Кулинич еще что-то прошептал и погладил лохматого человека по плечу, словно хотел успокоить. Тот, отзываясь, снова покивал головой и замер неподвижно, опустив плечи.
И в этот момент дверь комнаты настежь распахнулась, будто выстрелила крутящимся морозным клубком, из этого клубка вышагнули два мужика, и оба держали в руках по паре валенок. «Наша обувка!» – беззвучно охнул Гриня. Валенки полетели на пол, а мужики, словно каждому из них к горлу нож приставили, испуганно, перебивая друг друга, заговорили, и пока они говорили, Целиковский медленно поднимался из-за стола, все глубже и глубже засовывая ладони в карманы брюк. Рывком их выдернул, и в свете лампы тускло блеснули два револьвера. Гриня из торопливых и путаных слов, сказанных мужиками, понял лишь одно – искали они его, Гриню, но не нашли, наткнулись лишь на валенки, валявшиеся теперь на полу.
– Ящик, быстро! – по-прежнему тихим голосом скомандовал Целиковский. – Мужичка найти, он где-то здесь, прихлопнуть, и сразу уезжаем. Быстрее! Где он может прятаться?
– Сторожа спросим, на заднем крыльце сторож должен быть. Сейчас, мигом!
Мужики выскочили из комнаты, в самой комнате поднялась суматоха, и ясно стало, что больше ничего услышать не удастся, теперь бы ноги унести. Савелий замешкался, не понимая, почему Гриня размахивает руками, наконец до него дошло, он присел, Гриня соскочил на пол, показывая на выход – бежим! Но было уже поздно, на крыльце зашумели, стукнула дверь, и тогда парни, не сговариваясь, кинулись в сторону кухни, на блеклый свет лампы. Заскочили, прижались в угол за печью, а по коридору уже стучали быстрые, торопливые шаги – ближе, ближе. И тогда Гриня, не раздумывая, запустил топориком в лампу, она жалобно звякнула, и всю большую кухню разом заглотила темнота. Парни бросились на ощупь, ударились в мужиков, отчаянно отмахиваясь кулаками, сшибли кого-то на пол, и легкие, как ветер, вылетели на крыльцо, бросились к конюшне, где стояли их кони, думая лишь об одном – успеть бы, заскочить, да хоть за гриву уцепиться.
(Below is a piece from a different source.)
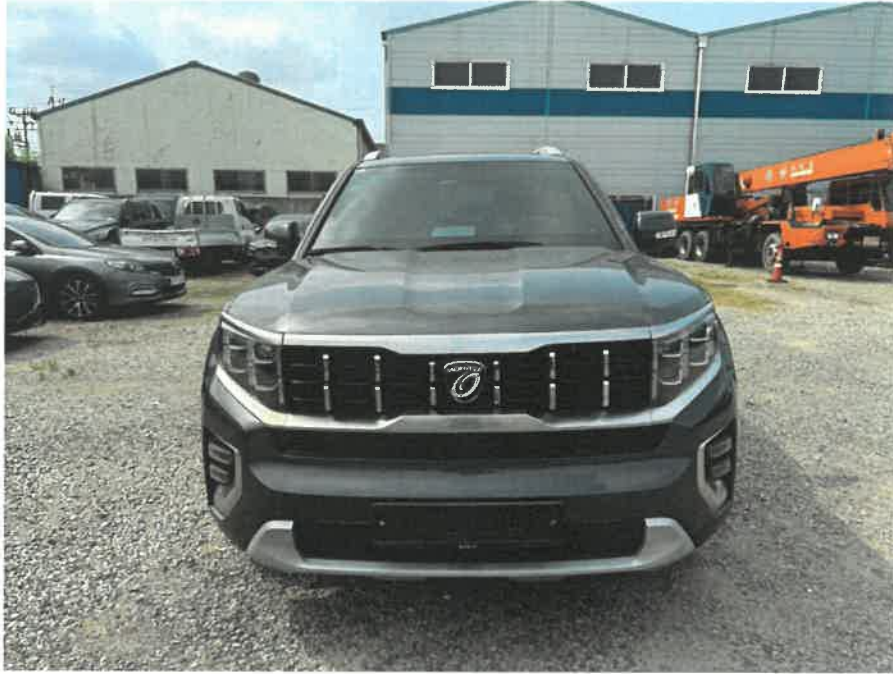
본건 차량 전면

Но возле конюшни уже мелькали чьи-то тени, а у входа в комнату, почти впритык, стояла тройка, запряженная в кошевку; видно, ее не распрягали, и находилась она где-то неподалеку, чтобы появиться в нужный момент, как в сказке. Никого возле тройки не было. И парни разом, в три больших скачка, долетели до кошевки, рухнули в нее, схватились за вожжи, и тройка, застоявшаяся на морозе, понеслась, почти без разгона, будто выпущенная из тугого лука. Вслед запоздало стукнули несколько глухих выстрелов, но они лишь подстегнули коней. Ветер засвистел в ушах. Дорога терялась в темноте, куда ехать – было неясно, и надежда оставалась только на коней – лишь бы вывезли, а в какую сторону – не важно.
Опамятовались и пришли в себя, когда уже отмахали от постоялого двора не одну версту. Придержали коней, прислушались – погони не было.
– Оторвали от шубы рукава! – Савелий дурашливо засмеялся и хлопнул Гриню кулаком по спине. – А ты, парень, удалой, не валенок деревенский!
– Лучше бы валенком, – угрюмо буркнул Гриня, – ноги-то отморозим!
И только сейчас Савелий вспомнил, что они остались босыми. Спрятал ноги глубже в сено, но холод их все равно пощипывал, тогда он оглянулся, надеясь отыскать в кошевке какую-нибудь тряпку, и присвистнул:
– А эта беда откуда? Гляди!
Гриня тоже обернулся – в задке кошевки, мутно темнея в рассеивающихся потемках, стоял знакомый ему ящик.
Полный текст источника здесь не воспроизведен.